--- RECORDS PROVIDED Enclosed Below ---

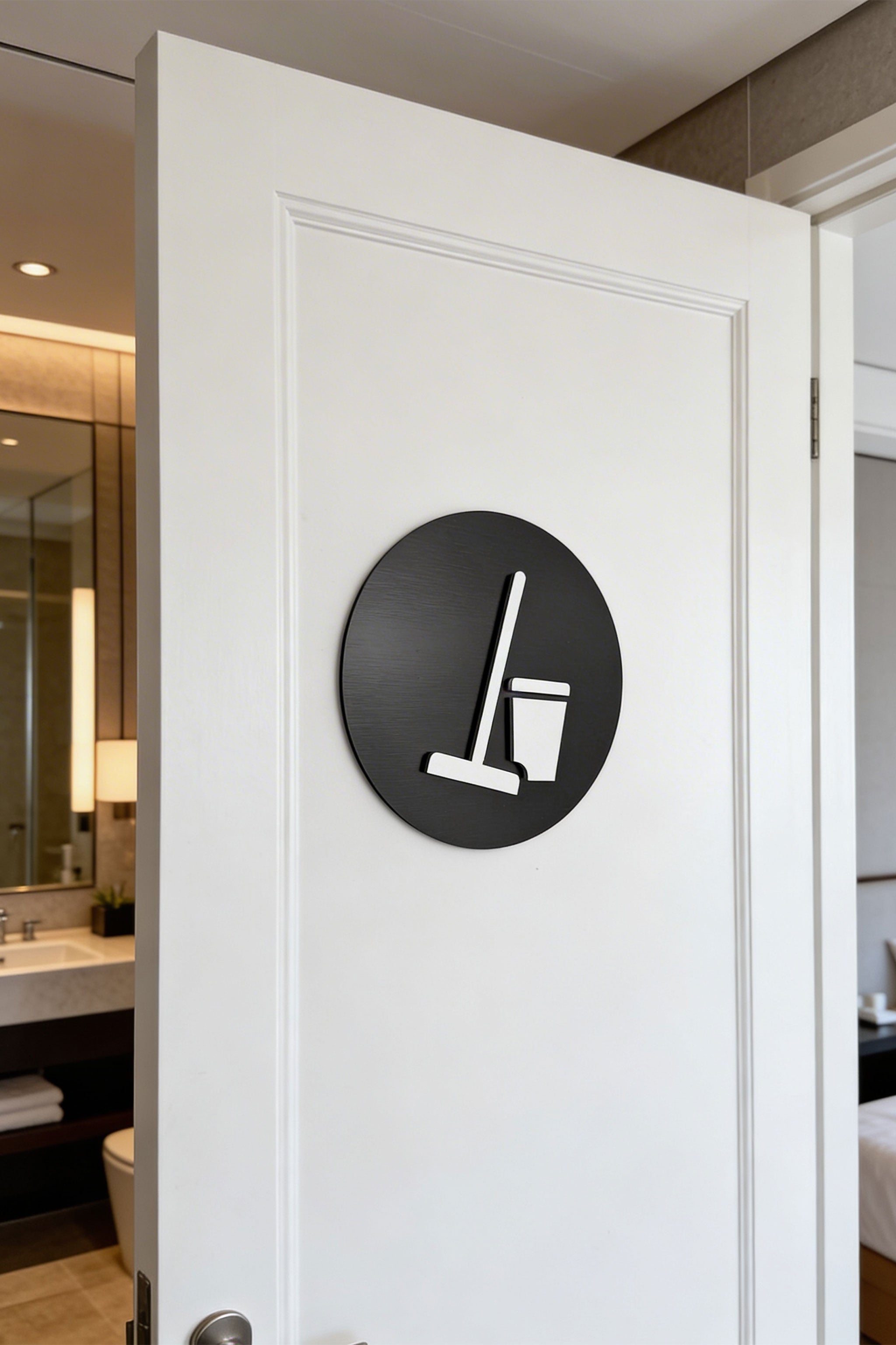 With its balanced square format and minimalist styling, this hotel room cleaning sign is especially suitable for housekeeping areas, hotel service rooms, laundry spaces, supply rooms, and professional back-of-house interiors. It offers a clean and stylish signage solution for environments that value both function and modern aesthetics.
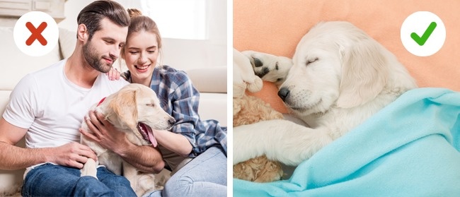 Коли хтось із домашніх засинає на дивані, ми намагаємося тихенько прикрити його пледом, щоб він не прокинувся. Але це правило не діє на наших чотириногих підопічних. Прикривати ковдрою не обов'язково, але пам'ятайте, що і для тварин бути розбудженим — неприємний стрес.
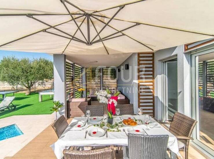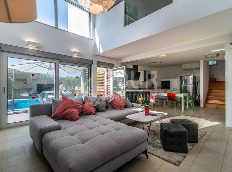 Vila je izgrađena 2015. godine i opremljena je modernim sustavima za udobnost i sigurnost – podno grijanje, dizalice topline, klimatizacija, električne rolete, protuprovalna vrata, video nadzor i alarmni sustav. U dvorištu se nalazi grijani bazen od 42 m, hortikulturno uređeni vrt s automatskim navodnjavanjem te čak sedam i više parkirnih mjesta. Dodatna vrijednost je solarna elektrana od 8,6 kW s punjačem za električne automobile.
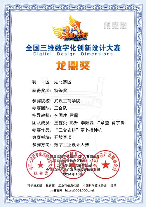 近日,第十七届全国三维数字化创新设计大赛湖北赛区省赛落下帷幕。本次大赛吸引了上千名参赛者,参赛团队遍布湖北省各大高校。AWC万象城娱乐作为参赛单位之一,共派出了13支队伍参赛,最终夺得省赛特等奖1项、一等奖4项、二等奖7项、三等奖1项。其中,《“三合农耕”萝卜播种机》作品经层层选拔获得省赛特等奖,并最终入围国赛。本次比赛我校相较去年同期,在参赛队伍、竞技水平、获奖数量上都获得了较大的提升。
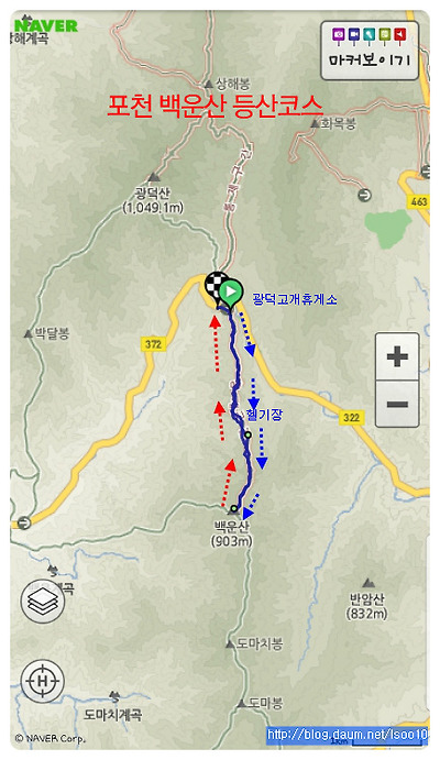 - 백운산 : 광덕고개 쉼터~헬기장~백운산 정상~ 역순 원점회귀
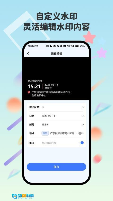 4、灵活编辑功能:水印内容支持高度自定义编辑,用户可自由调整文字、图标及布局,制作专属标识。
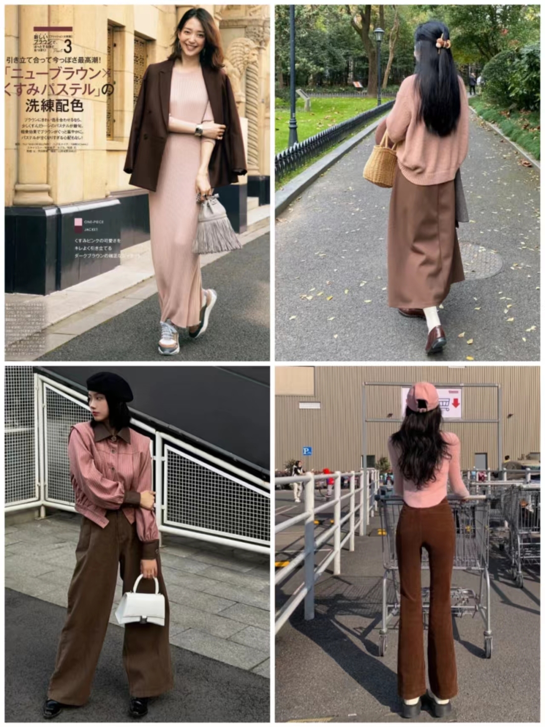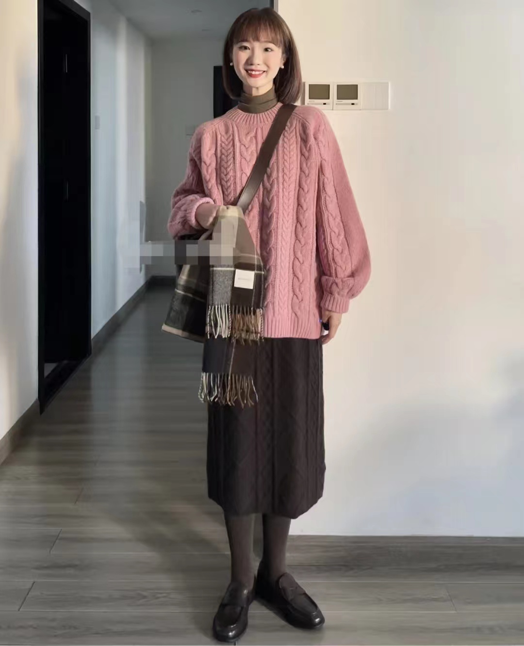 复古配色中尤其爱粉+棕,偏灰调的粉和深巧克力棕的结合太有氛围感,高领贴身打底和宽大毛衣一起穿,保暖和时尚度都up!有画报里的复古女孩那味道?

--- End of Enclosed RECORDS PROVIDED ---

== TASK BRIEF ==
Each record must be repeated verbatim, and no picture may appear in the copy.

== RESULT OF THE EXERCISE ==
 With its balanced square format and minimalist styling, this hotel room cleaning sign is especially suitable for housekeeping areas, hotel service rooms, laundry spaces, supply rooms, and professional back-of-house interiors. It offers a clean and stylish signage solution for environments that value both function and modern aesthetics.
 Коли хтось із домашніх засинає на дивані, ми намагаємося тихенько прикрити його пледом, щоб він не прокинувся. Але це правило не діє на наших чотириногих підопічних. Прикривати ковдрою не обов'язково, але пам'ятайте, що і для тварин бути розбудженим — неприємний стрес.
 Vila je izgrađena 2015. godine i opremljena je modernim sustavima za udobnost i sigurnost – podno grijanje, dizalice topline, klimatizacija, električne rolete, protuprovalna vrata, video nadzor i alarmni sustav. U dvorištu se nalazi grijani bazen od 42 m, hortikulturno uređeni vrt s automatskim navodnjavanjem te čak sedam i više parkirnih mjesta. Dodatna vrijednost je solarna elektrana od 8,6 kW s punjačem za električne automobile.
 近日,第十七届全国三维数字化创新设计大赛湖北赛区省赛落下帷幕。本次大赛吸引了上千名参赛者,参赛团队遍布湖北省各大高校。AWC万象城娱乐作为参赛单位之一,共派出了13支队伍参赛,最终夺得省赛特等奖1项、一等奖4项、二等奖7项、三等奖1项。其中,《“三合农耕”萝卜播种机》作品经层层选拔获得省赛特等奖,并最终入围国赛。本次比赛我校相较去年同期,在参赛队伍、竞技水平、获奖数量上都获得了较大的提升。
 - 백운산 : 광덕고개 쉼터~헬기장~백운산 정상~ 역순 원점회귀
 4、灵活编辑功能:水印内容支持高度自定义编辑,用户可自由调整文字、图标及布局,制作专属标识。
 复古配色中尤其爱粉+棕,偏灰调的粉和深巧克力棕的结合太有氛围感,高领贴身打底和宽大毛衣一起穿,保暖和时尚度都up!有画报里的复古女孩那味道?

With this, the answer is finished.